The aligned results can be found in the FigShare project page mentioned above. Or, one can download it from this link.

"blasr -m 4" output format

The cells below show the content of the m4 file. It containes the alignment information between the reads. The fields are query identifier, target identifier, alignment score (more negative -> better alignment), alignment identity, query strand, query start, query end, query length, target strand, target start, target end, target length. The rest of the fields are not used. One trap here is that the "target start" and "target end" are not relative to the original sequence if "target strand" is 1 . When "target strand= 1", it means that the reverse-complimentary strand is aligned and the "target start" and "target end" are the coordinates in the reverse complimentary strand. In the stand blasr output, "query strand" is always 0.

In [1]:
!head -10 pr_pr_bn32.m4
0xc4b462ba_0096978 0xc4b462ba_0096978 -14495 100 0 0 2899 2899 0 0 2899 2899 50 60847 -2716.48 0 21
0xc4b462ba_0096978 0x79c77458_0006261 -14400 99.4505 0 0 2899 2899 1 2502 5411 10399 50 60890 -2683.04 0 21
0xc4b462ba_0096978 0x72a8c4f1_0018952 -14395 99.4164 0 0 2899 2899 0 483 3393 5755 50 60893 -2658.33 0 21
0xc4b462ba_0096978 0x4dd7c9d5_0133333 -14390 99.4162 0 0 2899 2899 1 2718 5626 6023 50 60894 -2683.04 0 21
0xc4b462ba_0096978 0x726e8550_0094067 -14385 99.3821 0 0 2899 2899 0 27 2936 7163 50 60897 -2658.76 0 21
0xc4b462ba_0096978 0x833174a6_0078354 -14385 99.3821 0 0 2899 2899 1 2676 5585 6916 50 60897 -2683.28 0 21
0xc4b462ba_0096978 0xc52dd432_0103092 -14380 99.3819 0 0 2899 2899 1 2565 5472 6025 50 60900 -2666.7 0 21
0xc4b462ba_0096978 0x48e2fc97_0054635 -14375 99.3477 0 0 2899 2899 0 2621 5529 7539 50 60902 -2658.24 0 21
0xc4b462ba_0096978 0xea0a0bab_0128842 -14375 99.3477 0 0 2899 2899 0 7684 10592 11923 50 60901 -2657.5 0 21
0xc4b462ba_0096978 0x4949e7c9_0060870 -14360 99.3132 0 0 2899 2899 1 2927 5832 6621 50 60907 -2666.12 0 21

Convert blasr's output to python internal data

We deinfe read_node class for the objects that holds the local overlapping information of each read. It simply holds a python dictionary (hash_map) where the key is the target identifier and the elements from m4 line are converted to the right types and stored. Only "non-contaminated"" alignments are stored. If one read is full aligned within the other read, such alignment is not stored in a read_node.
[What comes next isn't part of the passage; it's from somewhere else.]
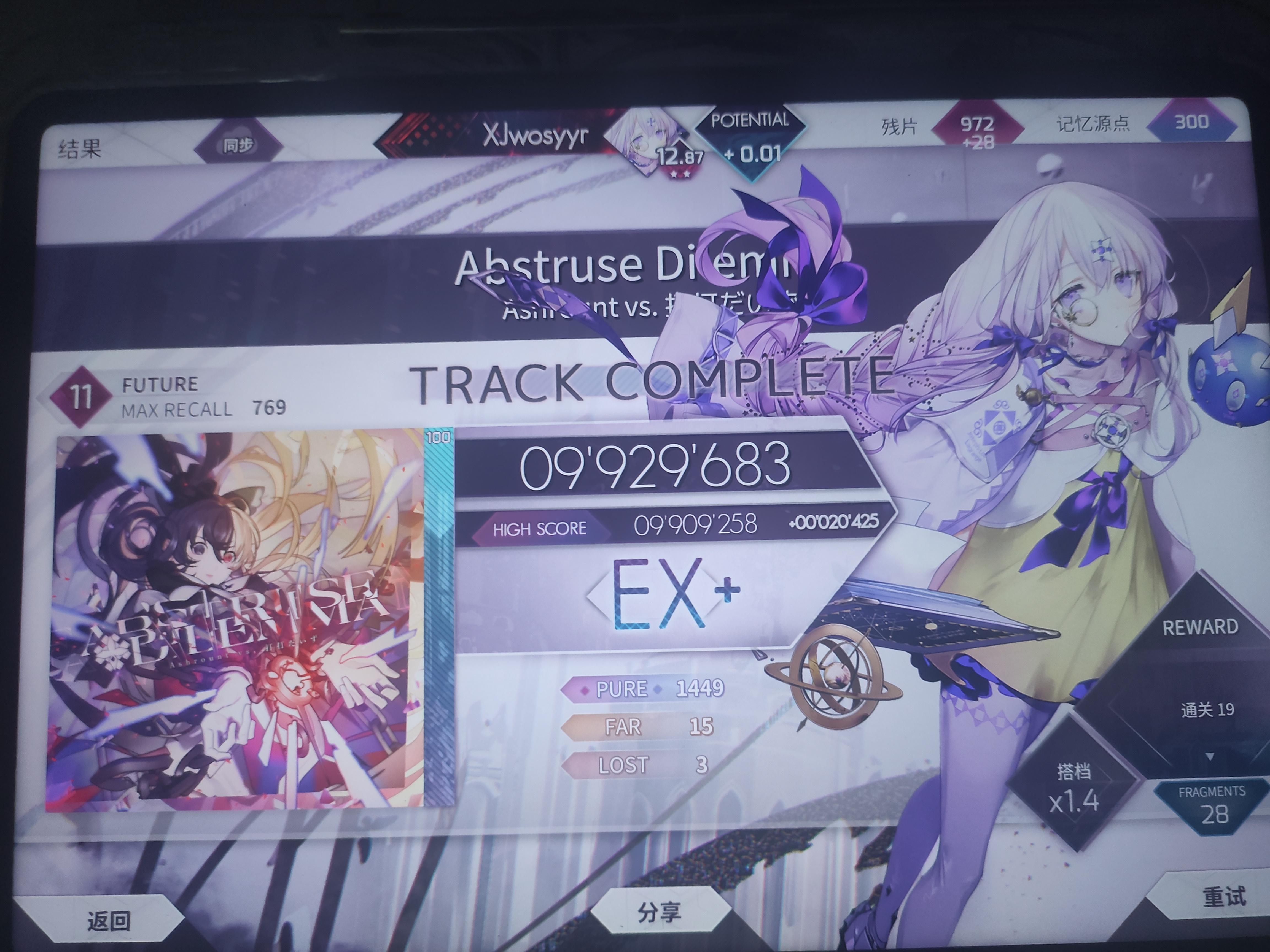 8+及以下的ftr,etr全部PM,除了摔死和记忆工厂基本都是3把以内秒杀,还打了两个理论值。现在开始按顺序推9,平均小p数在15到25这个区间,有几个蛇占比多的能打进10小,虽然我感觉自己的准度提升了很多,但从9开始就有更多更加复杂的节奏出现了,同时某些令人难受的定位也会使爆小概率大幅增加,总之现在的目标就是推PM的同时尽量推准(能进排行榜就行),预计等推完9+就能到300PM了。目前离13.

The get_overlap_data function processes the m4 file and determine whether the alignments are contaminated with some tolerence of the ends of the alignments.

In [2]:
import sys
import os
class read_node_0:  #experimenting on keeping the data in a list rather than a dictionary, not used

    def __init__(self, name, length):
        self.name = name
        self.length = length
        self.hits = [] 
        self.hit_map = None
        
    def add_hit(self, aln_info):
        self.hits.append ( aln_info )

    def __getitem__(self, target_name):
        if self.hit_map == None:
            self.hit_map = dict(zip( [h[0] for h in self.hits], self.hits ) )
        return self.hit_map[target_name]

class read_node:

    def __init__(self, name, length):
        self.name = name
        self.length = length
        self.hit_map = {}
        
    def add_hit(self, aln_info):
        self.hit_map[aln_info[0]] = aln_info

    def __getitem__(self, target_name):
        return self.hit_map[target_name]
    
    @property
    def hits(self):  #another convenient representation of the same data
        return self.hit_map.values()


def get_overlap_data(m4_filename):
    containment_tolerance = 50 
    permitted_error_pct = 2
    overlap_data = {}
    contained_reads = set()
    with open(m4_filename) as m4_f:
        for l in m4_f:
            l = l.strip().split()
            q_name, t_name =l[0:2]
            if q_name == t_name:
                continue
            aln_score = int(l[2])
            aln_idt = float(l[3])
            
            if aln_idt < 100-permitted_error_pct:
                continue
    
            q_strand, q_start, q_end, q_len = ( int(x) for x in l[4:8])
            t_strand, t_start, t_end, t_len = ( int(x) for x in l[8:12])
    
            if q_len - (q_end - q_start) < containment_tolerance:
                contained_reads.add(q_name)
    
            if t_len - (t_end - t_start) < containment_tolerance:
                contained_reads.add(t_name)
    
            if q_name not in overlap_data:
                overlap_data[ q_name ] = read_node(q_name, q_len)
    
            assert q_strand == 0
            if t_name not in [x[0] for x in overlap_data[ q_name ].hits]:
                overlap_data[ q_name ].add_hit( (t_name, 
                                                 aln_score, 
                                                 aln_idt, 
                                                 (q_strand, q_start, q_end, q_len),
                                                 (t_strand, t_start, t_end, t_len) ) )
    
            #symmetrized the alignment record
            if t_name not in overlap_data:
                overlap_data[ t_name ] = read_node(t_name, t_len)
    
            if q_name not in [x[0] for x in overlap_data[ t_name ].hits]:
                if t_strand == 1: 
                    t_start, t_end = t_len - t_end, t_len - t_start
                    q_start, q_end = q_len - q_end, q_len - q_start
                    overlap_data[ t_name ].add_hit( (q_name, 
                                                 aln_score, 
                                                 aln_idt, 
                                                 (0, t_start, t_end, t_len),
                                                 (1, q_start, q_end, q_len) ) )
                else:
                    overlap_data[ t_name ].add_hit( (q_name, 
                                                 aln_score, 
                                                 aln_idt, 
                                                 (0, t_start, t_end, t_len),
                                                 (0, q_start, q_end, q_len) ) )
    return overlap_data, contained_reads
In [3]:
overlap_data, contained_reads = get_overlap_data("pr_pr_bn32.m4")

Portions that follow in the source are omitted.